__What is needed__. Exact repetition of a range: find the line containing "返校后,同学们认真填写并上交" and the line containing "第111分钟,托马西反越位单" in the material below, then repeat both and all lines between them, leaving pictures out.

__Data to examine__.
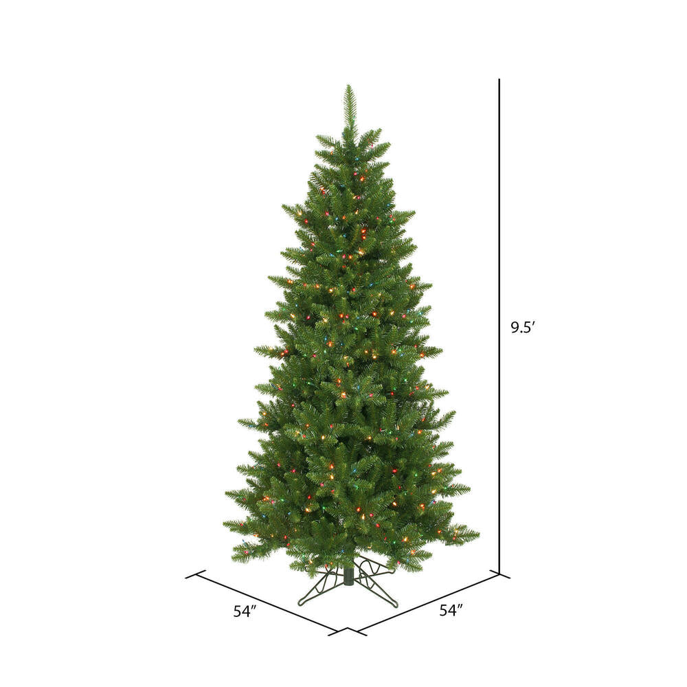 Vickerman 9.5F x 54-in Camdon Fir Artificial Christmas Tree featuirng 2350 PVC Tips and 1000 Multi-colored Italian Dura-lit LED Lights. This beautiful Camdon Fir tree comes prelit with Multi-colored Italian Dura-lit LED Lights, has rich green PVC tips on metal hinged branches, a Convenient On/Off Step Switch, and a Folding Metal Tree Stand is Included.
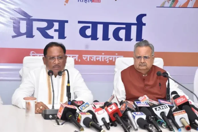 राजनांदगांव । मुख्यमंत्री विष्णु देव साय ने राजनांदगांव प्रवास के दौरान जिला पंचायत सभाकक्ष में सुशासन तिहार 2025 के संबंध में पत्रकार-वार्ता ली। इस दौरान विधानसभा अध्यक्ष डॉ. रमन सिंह, सांसद संतोष पाण्डेय, महापौर मधुसूदन यादव विशेष रूप से उपस्थित थे।
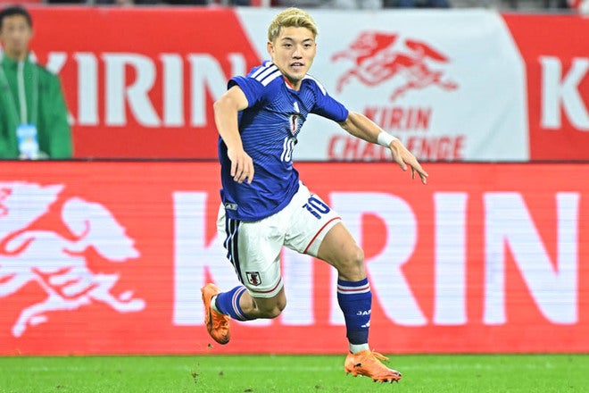 【画像】鮮やかにニアを抜く追加点!右サイドで躍動した日本代表のNo.10堂安律!
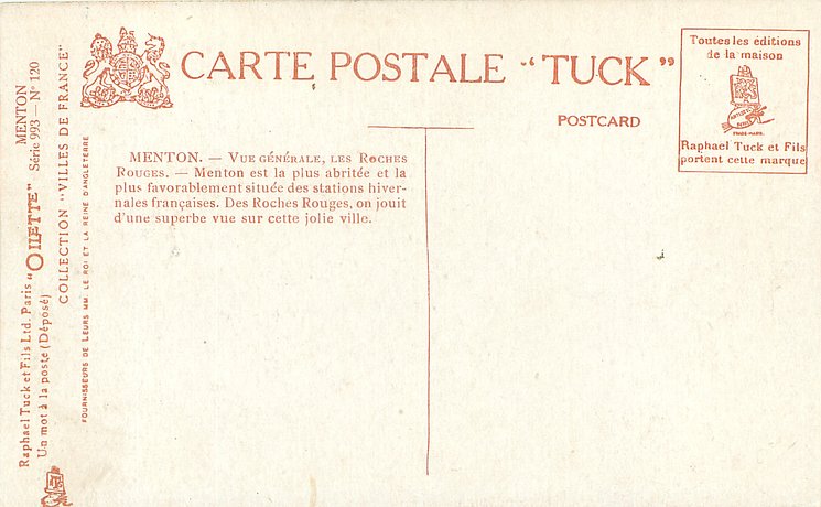 MENTON individually numbered cards by WIMBUSH, French
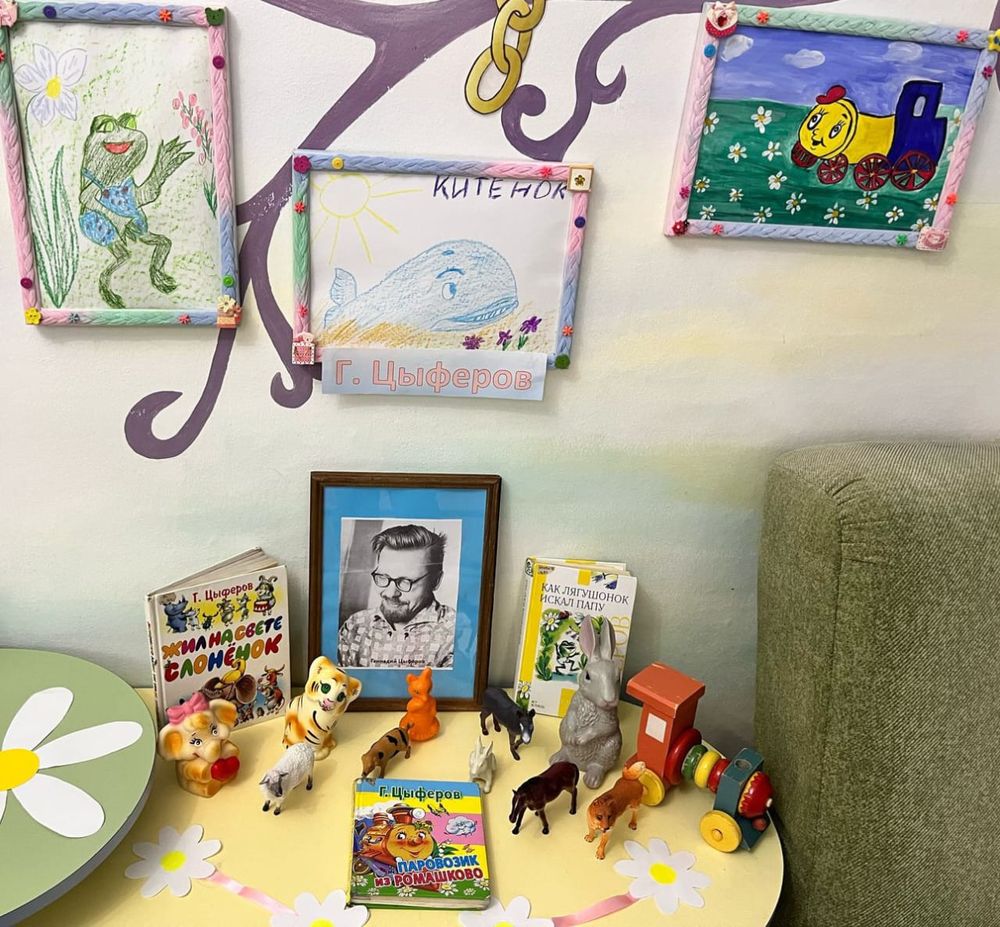 В этом году мы отмечаем 95 лет со дня рождения детского писателя и сценариста Г.М. Цыферова, милые и добрые истории которому знакомы каждому из нас. Дети группы «Радуга» познакомились с биографией писателя и его творчеством. Прочитали произведения такие, как «Одинокий ослик», «Жил на свете слоненок», «Китенок», «Надо подумать». А затем поставили постановку по сказке «Одинокий ослик» и нарисовали сюжеты из сказок.
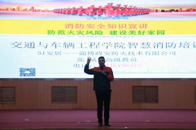 第二阶段,张斌为同学们进行消防安全知识普及讲座。首先,他向同学们介绍发生火灾时自救的几个误区,并提醒大家戴防烟面具逃生,以更好地隔离烟雾来创造更长的的逃生时间。随后,他通过相关视频向同学们展示电器引起火灾的时间之短,危害之大,并希望大家注意用电安全。紧接着,他介绍了几种常用的灭火器与新型环保水基型灭火器的使用方法和优缺点。同时,他提倡要做到智慧消防,通过手机实时监测相关气体浓度,以避免气体爆炸情况的发生。最后,他希望同学们能够增强消防安全意识,提高消防安全能力,真正减少消防事故的发生。
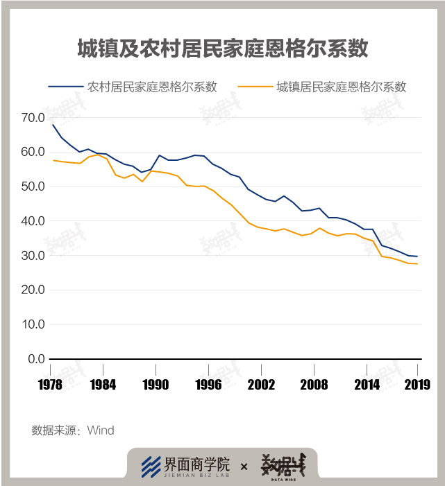 从绝对数来看,2019年,农村居民人均可支配收入为16021元、人均消费支出为13328元、二者之差仅为人均2600元;而城市居民人均可支配收入42359元,人均消费支出28064元,二者之差为14296元。
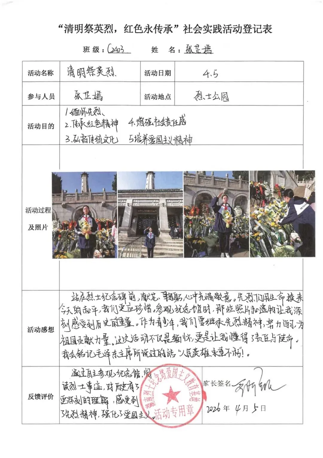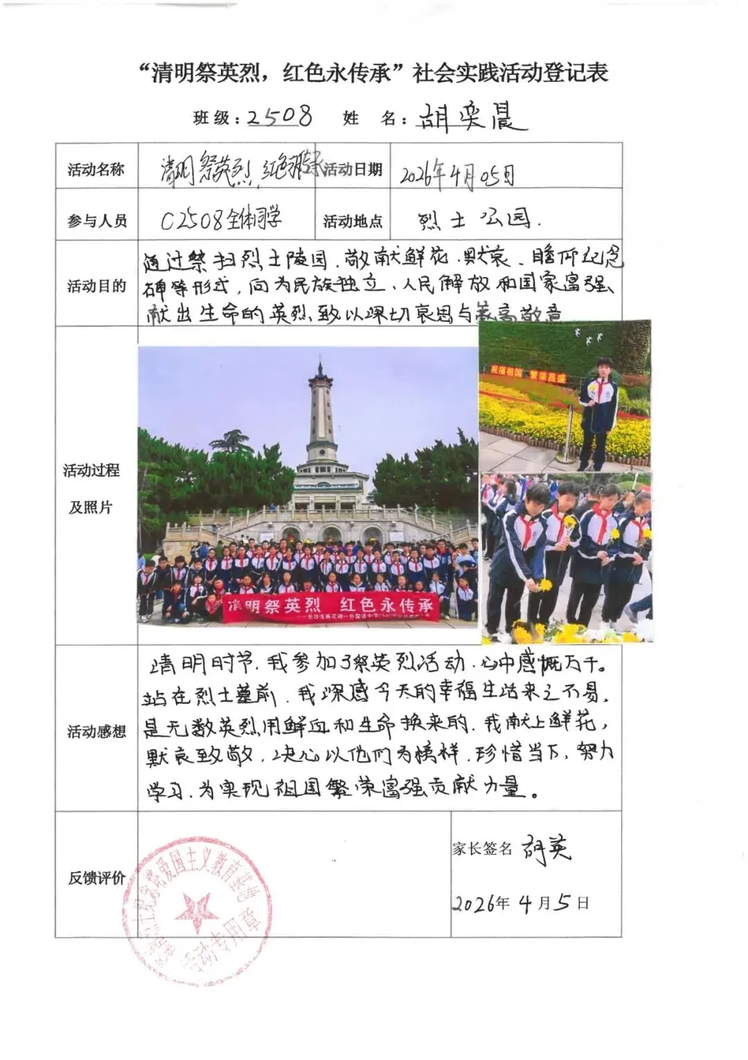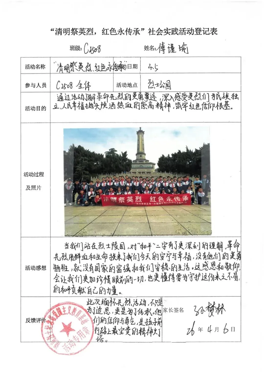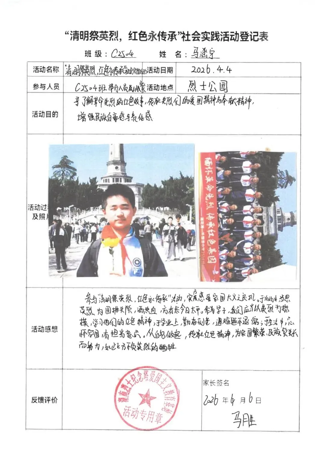 返校后,同学们认真填写并上交了《“清明祭英烈,红色永传承”社会实践活动登记表》,用文字和照片记录下自己的所见、所思、所感。透过一份份登记表,可以清晰地看到这堂“思政课”带给同学们的丰厚收获:在行走中感知历史的温度,在仪式中接受精神的洗礼,在思考中明确责任的方向。
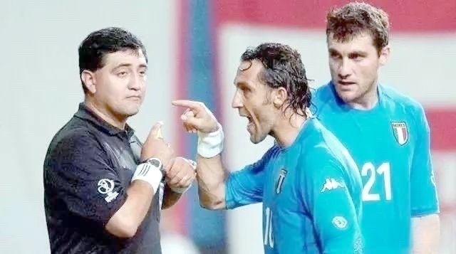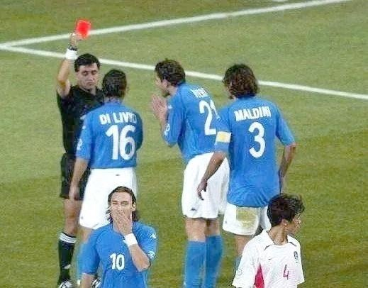 第111分钟,托马西反越位单刀破门,边裁举旗越位,进球无效。慢镜显示托马西明显不越位,属重大误判。直到第117分钟,安贞焕头球金球绝杀,意大利出局。而全场比赛,意大利6黄1红,韩国仅3黄,判罚尺度严重失衡。
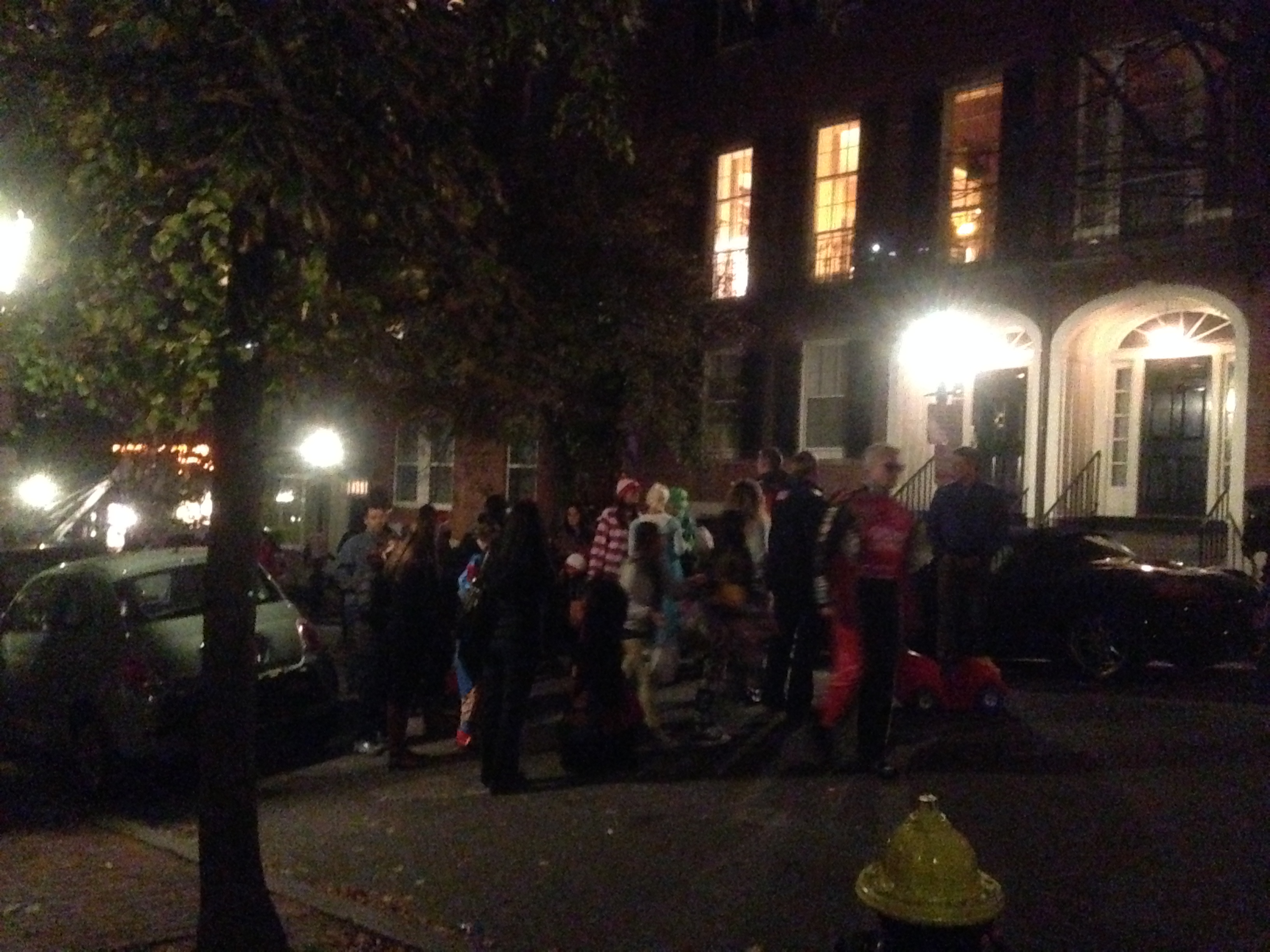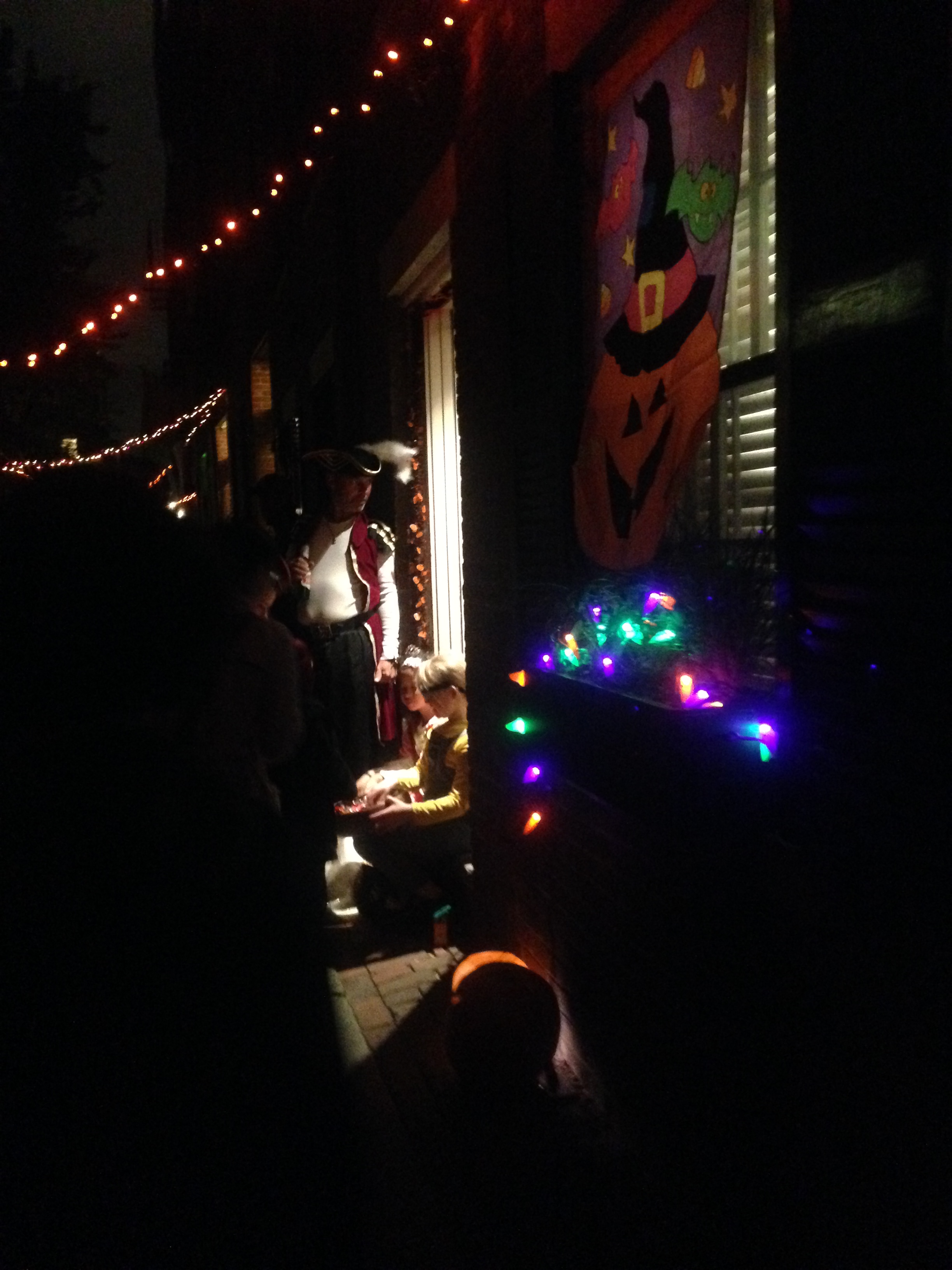 I’ll leave you with other fun pics from the night. Families were out in full force – children and adults dressed up in Halloween finery – children with candy crammed everywhere they could fit it – adults with beverages in red solo cups. It was a fun night and I’d invite friends to come stay with me next Halloween so we can take your kids out together – what FUN that would be!!
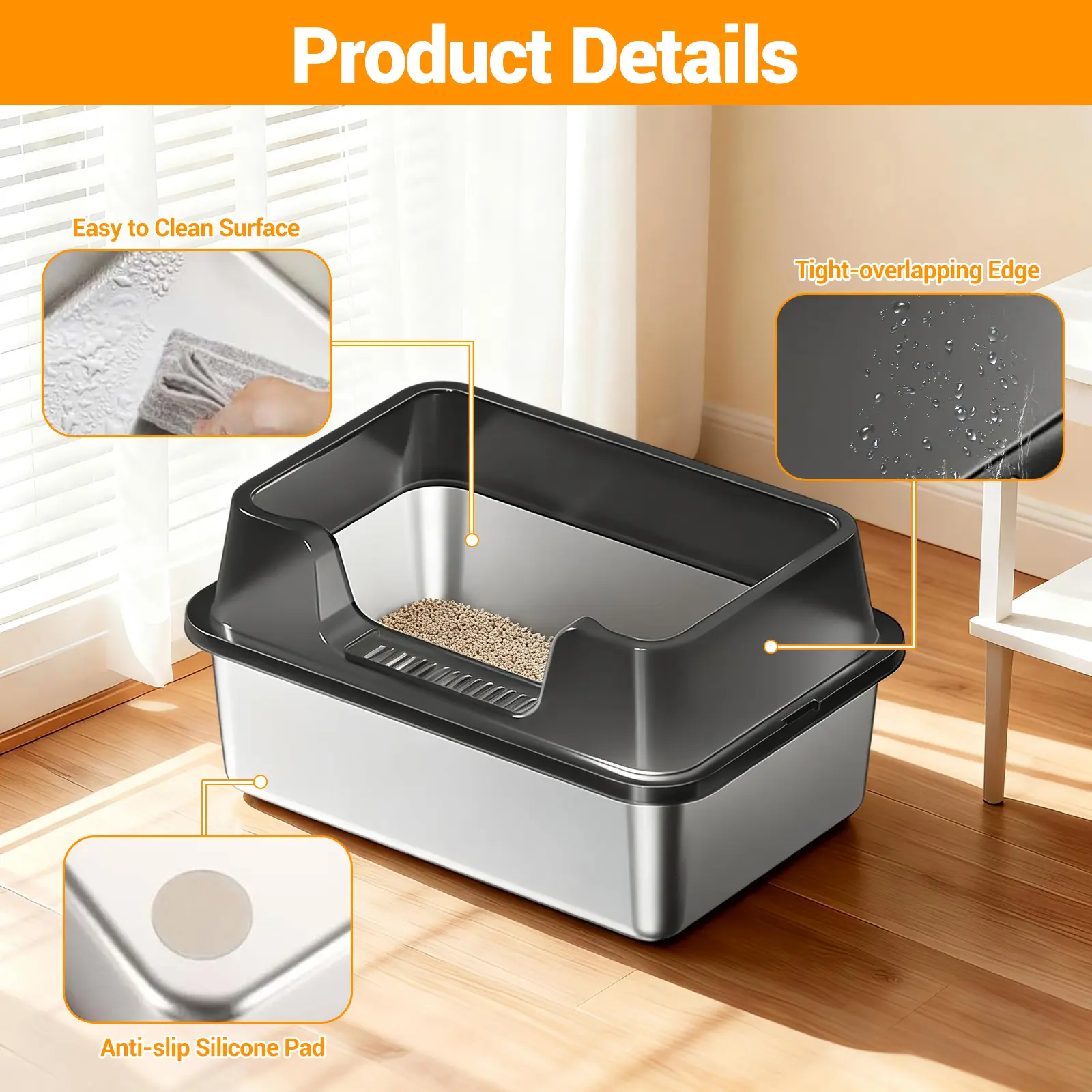 ·2.Tall, Removable High Walls: Effectively contain litter and prevent urine leaks, keeping floors clean—ideal for high-peeing or energetic cats.

__Written solution__.
 返校后,同学们认真填写并上交了《“清明祭英烈,红色永传承”社会实践活动登记表》,用文字和照片记录下自己的所见、所思、所感。透过一份份登记表,可以清晰地看到这堂“思政课”带给同学们的丰厚收获:在行走中感知历史的温度,在仪式中接受精神的洗礼,在思考中明确责任的方向。
 第111分钟,托马西反越位单刀破门,边裁举旗越位,进球无效。慢镜显示托马西明显不越位,属重大误判。直到第117分钟,安贞焕头球金球绝杀,意大利出局。而全场比赛,意大利6黄1红,韩国仅3黄,判罚尺度严重失衡。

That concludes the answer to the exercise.